Of course we not always have access to all the polynomial's roots at once, but we can partially factorise and work our way through that. Let us go through the polynomial $p = x^4 + 3x^3 - x^2 - 3x$.

First obvious thing is that $\lambda_1 = 0$ and thus $p = x^4 + 3x^3 - x^2 - 3x = x(x^3 + 3x^2 - x - 3)$.

Now comes the tricky part. Finding the roots of $p_1 = x^3 + 3x^2 - x - 3$. What I always start by doing is trying some small numbers. Guessing $\lambda_2 = 1$ turns out to be fine and thus we can factor $p_1$. Now there is some polynomial $p_2$ of degree 2 that multiplied by $(x - \lambda_2) = (x - 1)$ gives $x^3 + 3x^2 - x - 3$. To calculate such polynomial I refer you to Ruffini's rule, which is just a faster way to factorize a polynomial when you know one root. Then we get $p_2 = x^2 + 4x + 3$ which was what you factorized above. Since this is a 2nd degree polynomial, we could keep trying to guess roots, use your box method, or using the quadratic formula to find its roots.


I wouldn't know if this really qualifies as an answer, but what you're asking for is essentially an opinion of methodology.

First of all, your factorisation is correct: you can check the result simply by doing the multiplication.

That said, it looks like you could have saved a lot of effort by using a couple of different techniques.

To begin with, the polynomial $x^3+4x^2+3x$ is clearly divisible by $x$ (as you noted), so we factor it out to get $x(x^2+4x+3)$.

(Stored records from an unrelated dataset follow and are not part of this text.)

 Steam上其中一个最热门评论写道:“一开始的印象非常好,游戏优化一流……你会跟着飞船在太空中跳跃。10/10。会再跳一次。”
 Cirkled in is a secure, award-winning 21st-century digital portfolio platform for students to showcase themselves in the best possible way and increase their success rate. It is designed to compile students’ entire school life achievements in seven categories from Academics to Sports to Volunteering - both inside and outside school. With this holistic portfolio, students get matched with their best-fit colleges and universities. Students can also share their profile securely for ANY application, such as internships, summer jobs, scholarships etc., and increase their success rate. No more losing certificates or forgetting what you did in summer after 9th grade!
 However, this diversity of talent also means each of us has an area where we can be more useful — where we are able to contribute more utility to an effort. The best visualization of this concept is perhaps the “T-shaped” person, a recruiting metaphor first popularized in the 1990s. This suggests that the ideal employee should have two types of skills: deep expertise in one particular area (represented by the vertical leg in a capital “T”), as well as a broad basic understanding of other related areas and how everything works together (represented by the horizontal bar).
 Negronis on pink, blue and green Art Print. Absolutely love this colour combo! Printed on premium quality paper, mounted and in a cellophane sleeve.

Here is where it gets interesting: to factor the degree 2 polynomial, I usually take one of these two roads.

First: observe that $(x+a)(x+b)=x^2+(a+b)x+ab$, so if we can guess two numbers $a$ and $b$ such that, in our case, we have $ab=3$ and $a+b=4$, we are done.

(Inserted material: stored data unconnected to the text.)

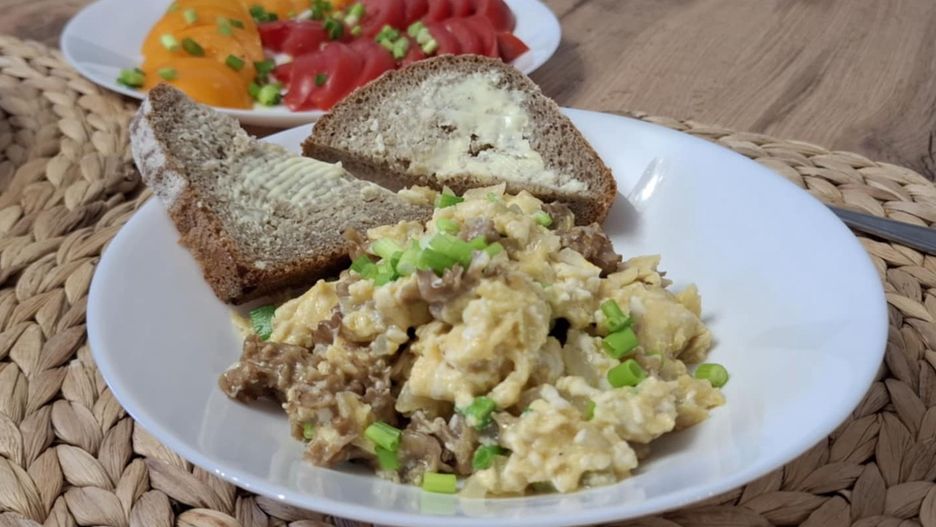 - Wbij jajka, dopraw solą i pieprzem, wymieszaj i smaż do ulubionej konsystencji.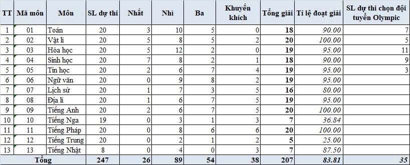Không chỉ tập trung vào một vài môn thế mạnh, học sinh Thủ đô đạt giải ở hầu hết các môn thi, từ Toán, Vật lí, Hóa học, Sinh học đến các môn Khoa học xã hội, Ngoại ngữ… Điều này phản ánh định hướng phát triển toàn diện, đồng đều giữa các lĩnh vực, thay vì chỉ đầu tư dàn trải hoặc chạy theo thành tích ngắn hạn.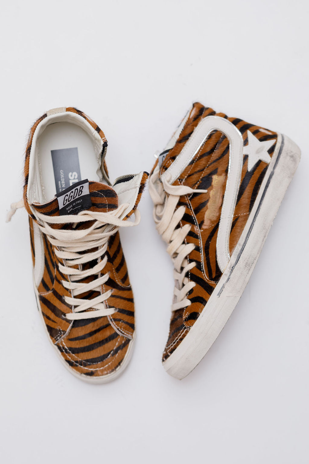 Brown Zebra-print SLIDE High-top Sneakers / GOLDEN GOOSE - Size 39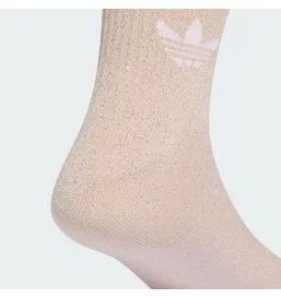 Calzini glitterati adidas a mezza gamba soffici, confezione da 2 paia, realizzati in 100% nylon. Design iconico con Trefoil, colori bianco e rosa, comfort e stile street autentico.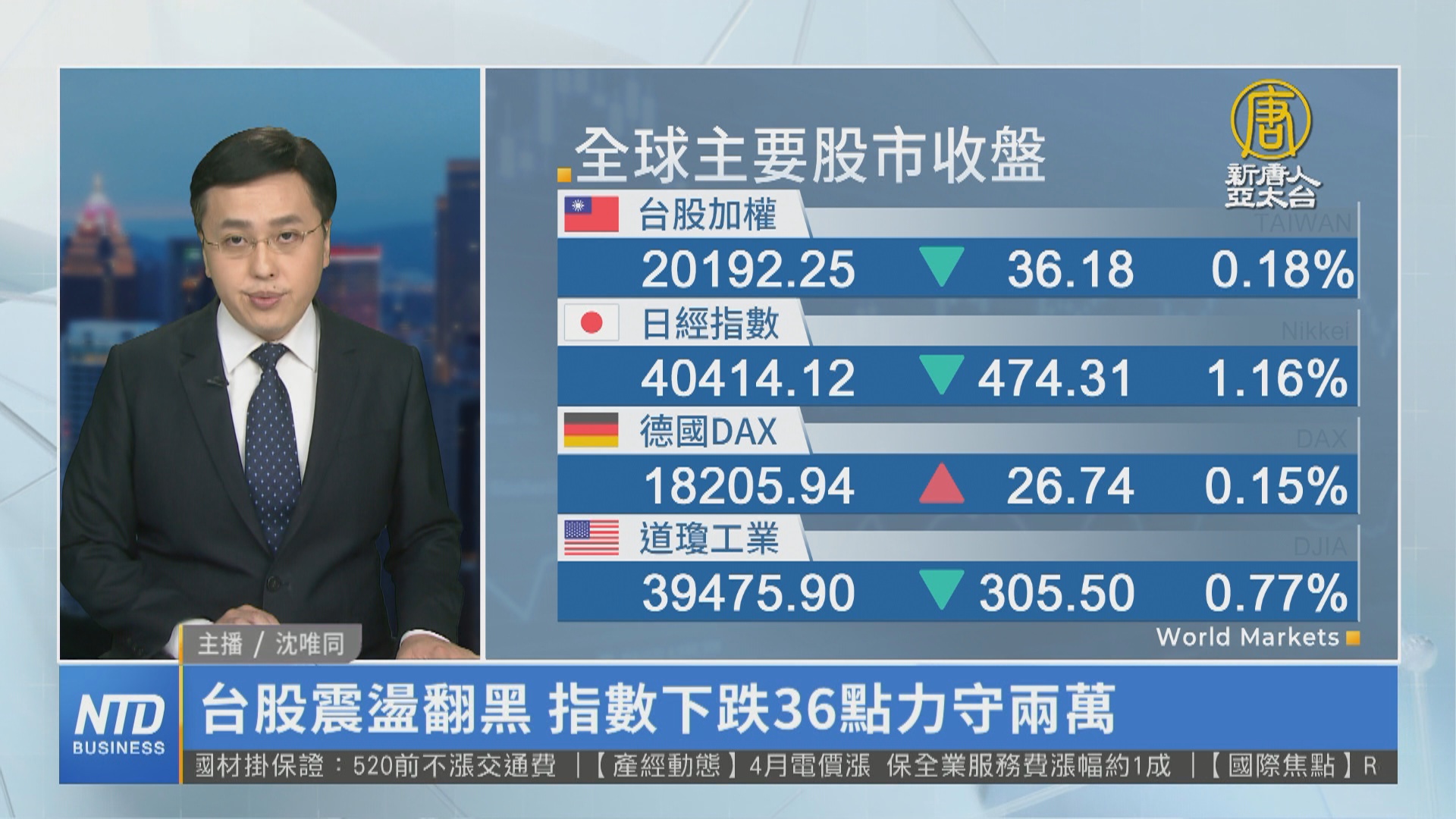 【新唐人亞太台 2024 年 03 月 25 日訊】美國股市四大指數,上週五(22日)漲跌互見,台股周一,由於台積電、聯發科走弱,電子、半導體股表現弱勢,AI概念股多數走跌,加上金融股熄火,加權指數尾盤翻黑,終場收在20192.25點,下跌36.18點,三大法人賣超54億。
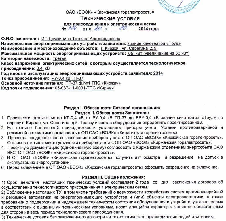 Что прописано в ТЗ и что прописано в ТУ , какая категория электроснабжения.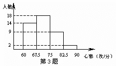 3.右图是某班学生在体检中测得每分钟心率频数的直方图,据此可知道该班参加体检学生的人数是 ,心率在范围 的学生最多,占统计人数的比例是 .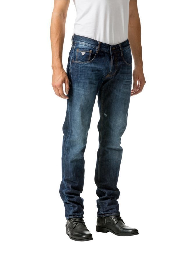 Slim Straight -mallisissa viisitaskufarkuissa on kulutuspesu ja näyttäviä kulutusefektejä, jotka antavat farkuille rennon ilmeen. Slim Straight –mallissa on hieman madallettu vyötärö ja kauttaaltaan kapeat lahkeet. Takataskussa ja sepaluksessa on koristetikkauksia ja kolikkotaskussa pieni logolappu. Etuhalkiossa on nappikiinnitys ja nappisepalus. Materiaali on 100 % puuvillaa. Konepesu 30 °C.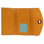 Billetera de dama en cuero vacuno, cerrado con accesorio metálico, contiene 2 compartimientos, 5 bolsillos para guardar tarjetas de visita o de crédito, 1 compartimientos para DNI. Medidas abiertas: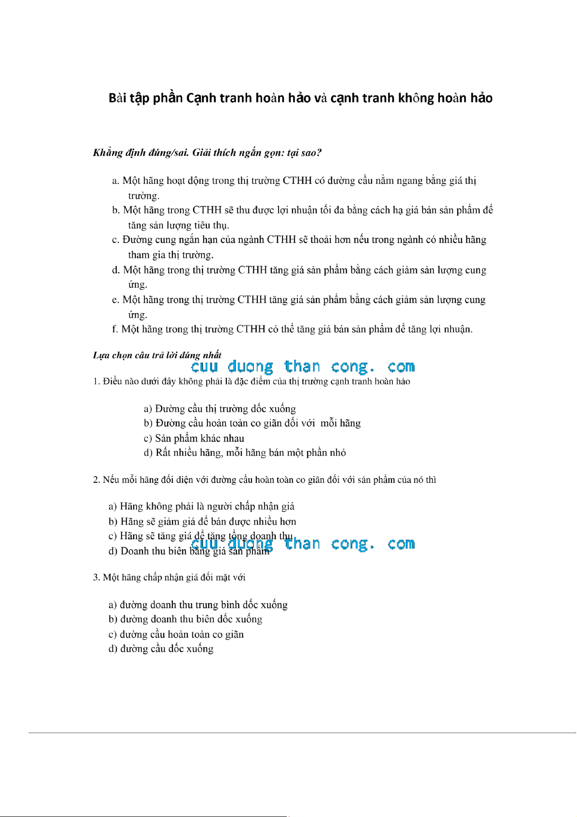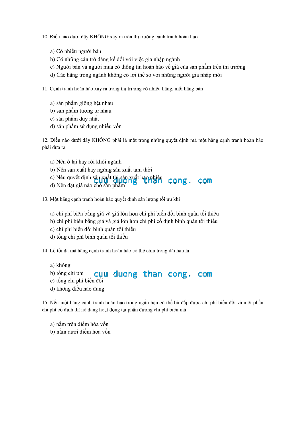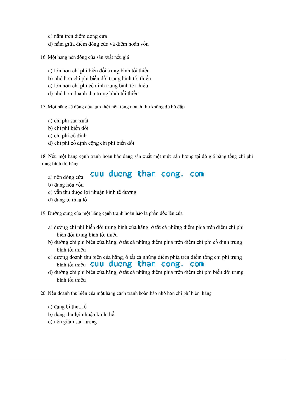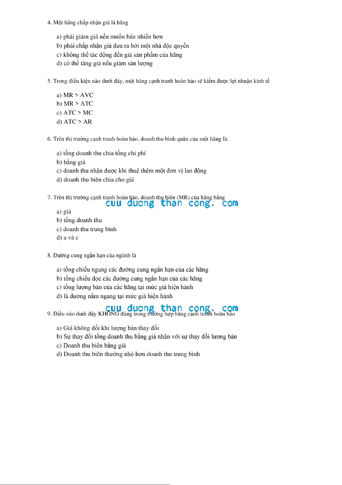 t hãng c nh tranh ho àn h o ch ính là a) b) c) d) không câu nào ng 30 . u nào d i i y k hông x y ra trong dà i h n khi m t ngành t o ra l i nh u n a) các hãng gia nh p ngành b) c) ng d) lợi nhuận giảm 31 . Cân b ng c nh tranh dài h n k hông th t n t i n u a) m i hãng t i b) rút lui c) thay d) ng 32 . M t hãng CTHH s a trong ng n h n k hi: a. b. c.
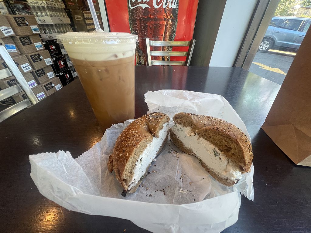 I was very happy with my bagel and iced coffee from here, plus they have 3 different vegan cream cheeses and they slather it on there.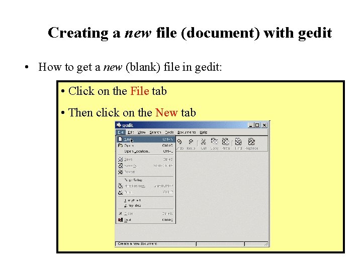 Creating a new file (document) with gedit • How to get a new (blank) file in gedit: • Click on the File tab • Then click on the New tab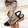 Zářivé pohodlí | Dámské klínkové sandály s kamínky v bohémském stylu, platformový podpatek s otevřenou špičkou a elastickým páskem, plážové sandály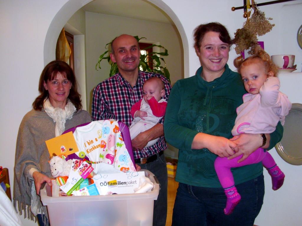 Das Führungsteam der Familienfreundlichen Gemeinde, Astrid Lüftinger und Gabi Pühringer durften vor Kurzem wieder bei jungen Kirchhamer Eltern mit einer kleinen, liebevoll zusammengestellten Aufmerksamkeit, dem Kirchhamer Waisat, vorbeischauen.

In this case you might have been able to spot that $3\cdot 1=3$ and $3+1=4$, so $(x+1)(x+3)$ is the factorization we're looking for. Trust me, it gets easier with practice and it's a huge time- and effort-saver for simple degree 2 polynomials with integer coefficients.

Else we could try and guess just one root, and then use polynomial long division. This has the advantage of working with any degree of polynomials, as long as you can guess one root. I usually try $1$, $-1$ and maybe $2$, but if those don't work I'm better off using some other technique.

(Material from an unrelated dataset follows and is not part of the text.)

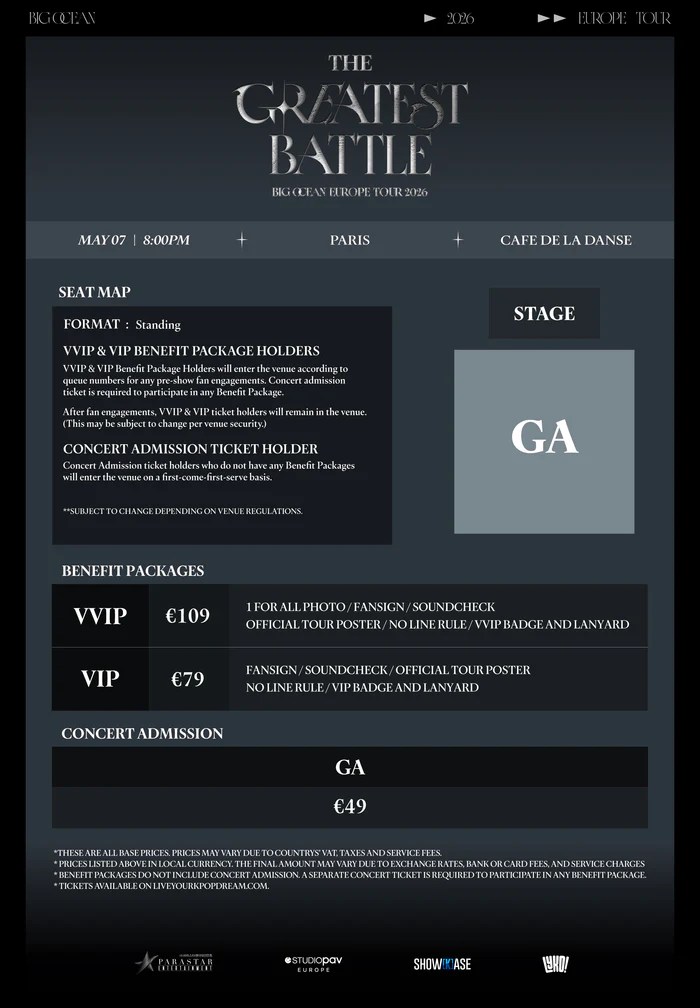 Le premier groupe de K-pop entièrement constitué de membres sourds et malentendants, Big Ocean est de retour en France au Café de la Danse de Paris le jeudi 7 mai 2026 dans le cadre de leur tournée européenne « The Greatest Battle » !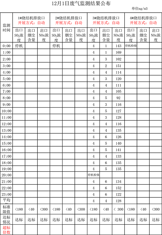 12月1日晉鋼集團廢氣監(jiān)測結果公布

And finally, for degree 2 polynomials you have the general formula to find the roots, which has the advantage of always working (in the sense that it will always find all real roots there are to find), but can get messy and is, in my honest opinion, rather boring.

Now, this is not to say that any of what you did is incorrect or even strictly less efficient: it is ultimately a matter of personal taste, but I feel that having as many tools as possible in your pocket can only do you good.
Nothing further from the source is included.